Turning data into intelligence

Which is not to say data in and of itself is the solution to identifying inequalities and working out how best to address them. “The essential task is to turn data into intelligence,” stressed Rowan Pritchard-Jones, executive medical director of Cheshire and Merseyside Integrated Care System. “The World Health Organization has a short definition: ‘Health intelligence is when you have actionable health data’.”

In his patch, he said this meant “actively segmenting and understanding areas of our population”. This is being achieved through Combined Intelligence for Population Health Action, a local setup which combines data from NHS and social care organisations. It is a complicated picture to understand. The ICS covers nine local authorities; 21 different trusts; and both urban and rural areas, some with high levels of deprivation.

[Data is] key in terms of understanding population needs, helping to prioritise those needs, to spotting inequalities, and to putting in interventions and measuring the difference

In his speciality of plastic reconstructive surgery for cancer patients, Mr Pritchard-Jones said CIPHA has already enabled a very different approach to, for instance, waiting list management.

“We’re using data that looks at what we know about patients’ comorbidities, finding those at highest risk of things like chest infections and cardiac complications, and pulling them into prehabilitation programmes,” he explained.

“And when I look at the background of these patients, there is no surprise that those who live with some of the most challenging comorbidities come from our most deprived backgrounds.

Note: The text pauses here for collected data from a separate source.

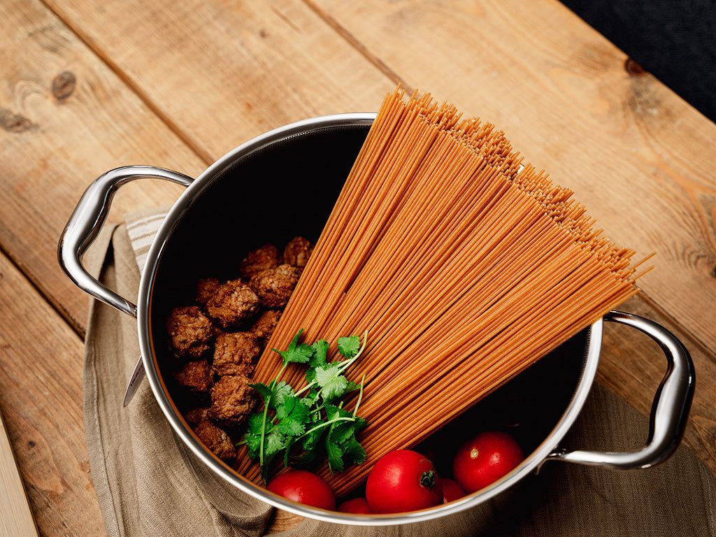 Men, og det er her vores køkkengrej virkelig adskiller sig fra resten - selvom vores gryder og saucegryder er non-stick, vil de sautere, svitse eller brune dit kød eller dine grøntsager til absolut perfektion. Mange gryderetter kræver, at du først sauterer eller bruner nogle grøntsager eller kød. I en almindelig gryde er det bare en forfærdelig oplevelse - og mange vælger at sautere eller brune i en separat pande. Der er også frustrationen ved at vente på, at en stor gryde med vand, koger - om det så er til pasta eller æg. Det føles som om, at det tager en evighed, og der er ikke noget værre end at skulle stå ved komfuret og tjekke gentagne gange for at se, om vandet koger - irriterende, ikke? Dette er endnu et problem, vi har løst for dig!
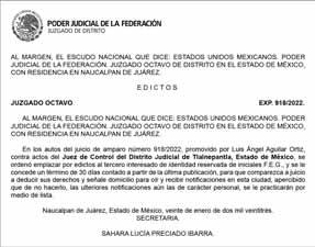 En el lugar en que se encuentren, hago saber a Ustedes que: En los autos del juicio oral mercantil 303/2022, del índice de este Juzgado Quinto de Distrito en Materia de Extinción de Dominio con competencia en la República Mexicana y Especializado en Juicios Orales Mercantiles en el Primer Circuito, con sede en la Ciudad de México, promovido por “SOFOM INBURSA”, Sociedad Anónima de Capital Variable, Sociedad Financiera de Objeto Múltiple, Entidad Regulada, Grupo Financiero Inbursa, por conducto de su apoderado legal Edgar Noé Olivares Pineda, y toda vez que por acuerdo de dieciocho de enero de dos mil veintitrés, se ordenó su emplazamiento por medio de edictos, que deberán publicarse por tres veces consecutivas, en un periódico de circulación amplia y de cobertura nacional, y uno diverso de circulación local, correspondiente a esta entidad federativa, de conformidad con lo dispuesto en los artículos 1068, fracción IV, y 1070, último párrafo, del Código de Comercio, se le hace saber que podrá presentarse ante este Juzgado dentro del término de treinta días, contado a partir del día siguiente al de la última publicación del edicto, a efecto de hacer valer sus derechos, con el apercibimiento de que si no comparece mediante escrito, o por sí, se procederá en términos de lo dispuesto en los artículos 1390 Bis 16 y 1390 Bis 20 de la legislación mercantil y se proseguirá el juicio en todas ordenamiento jurídico invocado, quedando a su disposición en la Secretaria de este Juzgado Federal copia simple de la demanda y de los documentos base de la acción; asimismo, se informa que en el juicio oral mercantil 303/2022, la parte actora demanda las siguientes prestaciones:
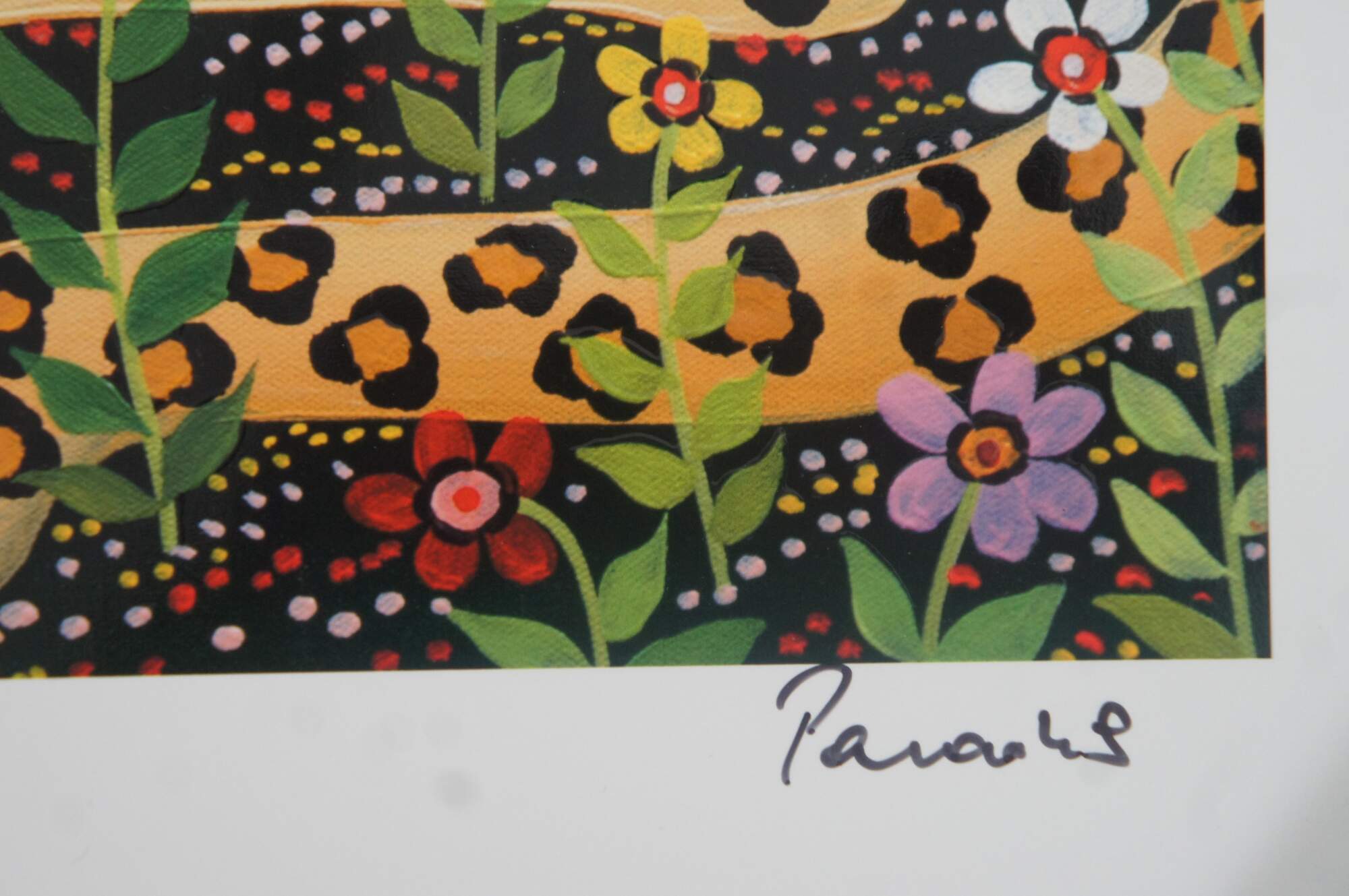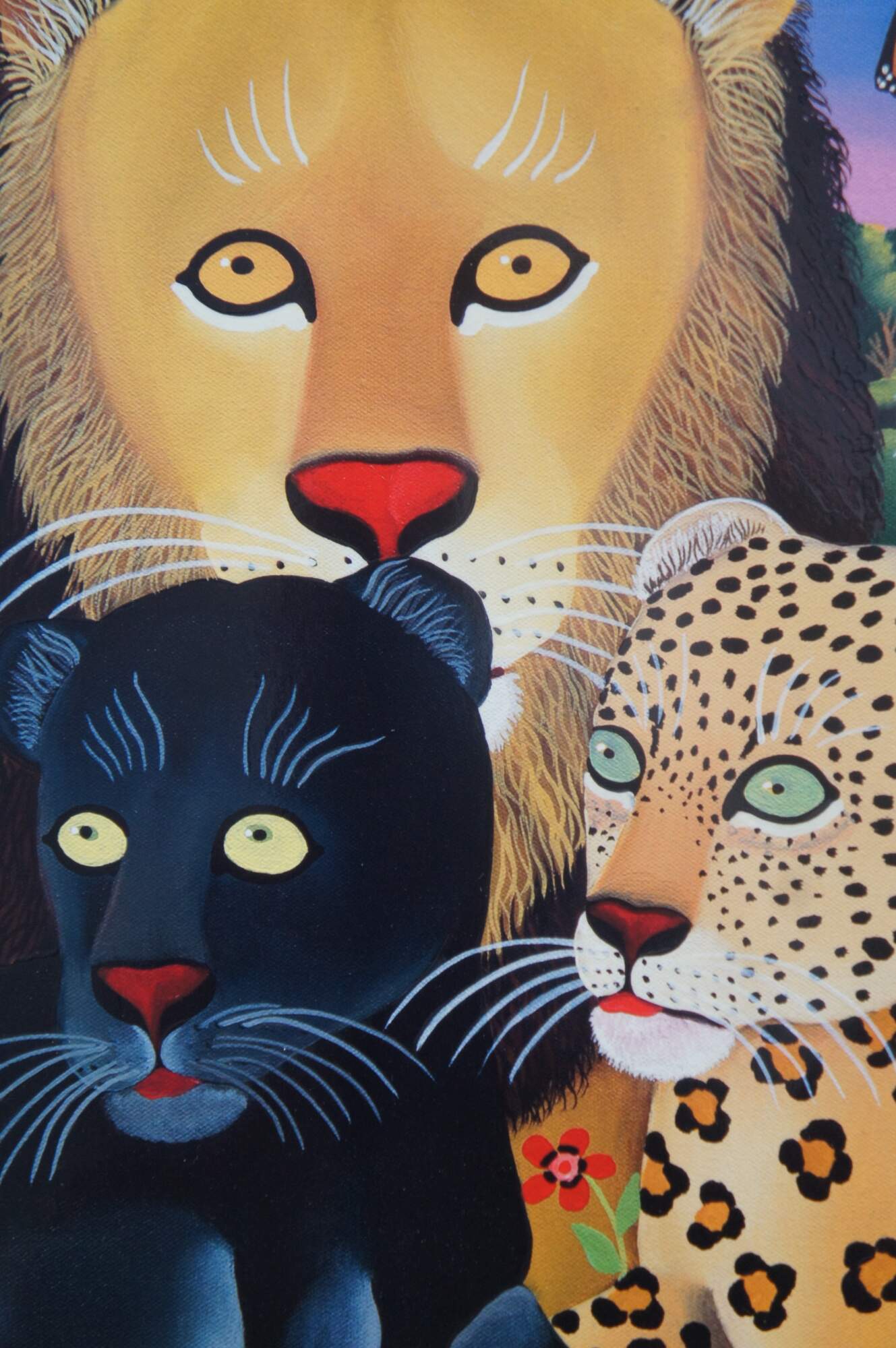 Vintage Branko Paradis Noahs Art II serio lithograph print featuring a grouping of big cats; lion, tiger, panther, cheetah and butterfly against a mountain / lake / floral landscape. Purchased on Princess Cruises Fine Art.
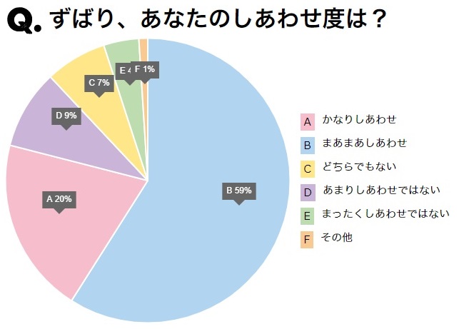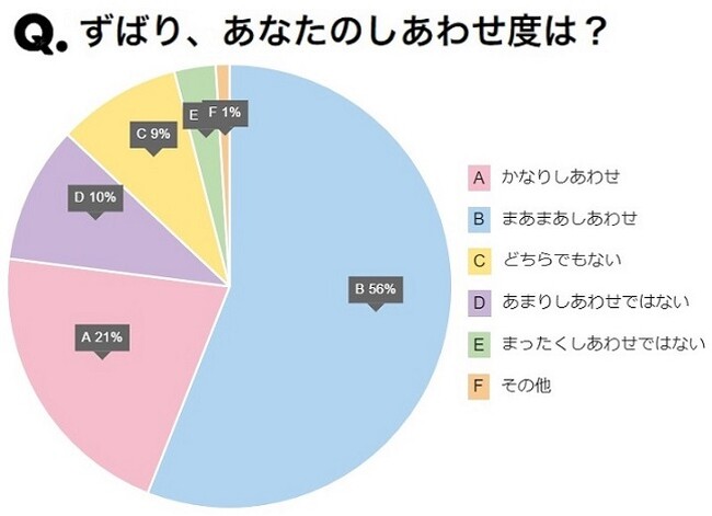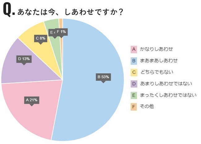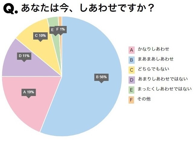・更年期で何となく不調、子供の独立間近で寂しい、職場が不景気でいつまで働けるのか不安・・・と、幸せいっぱいとは言い難いですが、特に病気ケガもなく毎日ご飯が食べられるのはありがたいことと思うと何とも言えないです。(どちらでもない)

Forty per cent of our highest risk patients are from the 20 per cent most deprived communities that we serve.”

This approach – identifying the patients most at risk of complications from surgery, and offering interventions that lower that risk prior to performing any operation – has “almost completely eliminated post-op chest infection” in the first patients to which it’s been applied. It’s also helped those in this group to heal more swiftly following surgery, decreasing lengths of stay.

“It’s not only about improving the outcomes of patients, but also making better use of the challenged resources that we have. And that feels like precisely the right thing for us to be doing,” said Mr Pritchard-Jones.

The human element

It is a viewpoint shared by Matt Gaunt. Mr Gaunt is director of finance and deputy chief executive of Lincolnshire Integrated Care Board, but also leads its data analysis and population health management work. This has included uniting datasets from local NHS organisations and local authorities and then overlaying the index of multiple deprivation.

“It’s enabled clinicians to not only prove what they see day in and day out in their practices, but actually to uncover hidden elements and take action on them,” Mr Gaunt explained.

The ICB has a specific strategy of pushing the data to primary care networks and then supporting staff there to design and implement interventions. This has led to the identification of some core areas for action, and likes of pop-up hypertension clinics in local manufacturing workplaces. At one site, 50 per cent of people who visited the clinic were found to have high blood pressure – of that number, half weren’t registered with a GP.

“Often when we think about data, the mind goes to metrics and tools and segmentation or stratification,” said Dr Durka. “But I think [with data] there is an opportunity to unlock the power of our staff across health and care communities, and to work with communities.”

As Dr McShane put it: “Don’t underestimate the value that human intelligence brings to population health management. [This approach is] about empowering and enabling people who are predominantly coming to work to do a good job and do the best for the people in front of them.”

He concluded: “It’s about value-based care, and improving outcomes and experiences for people with the resources we have to hand – better value with what we’ve got.”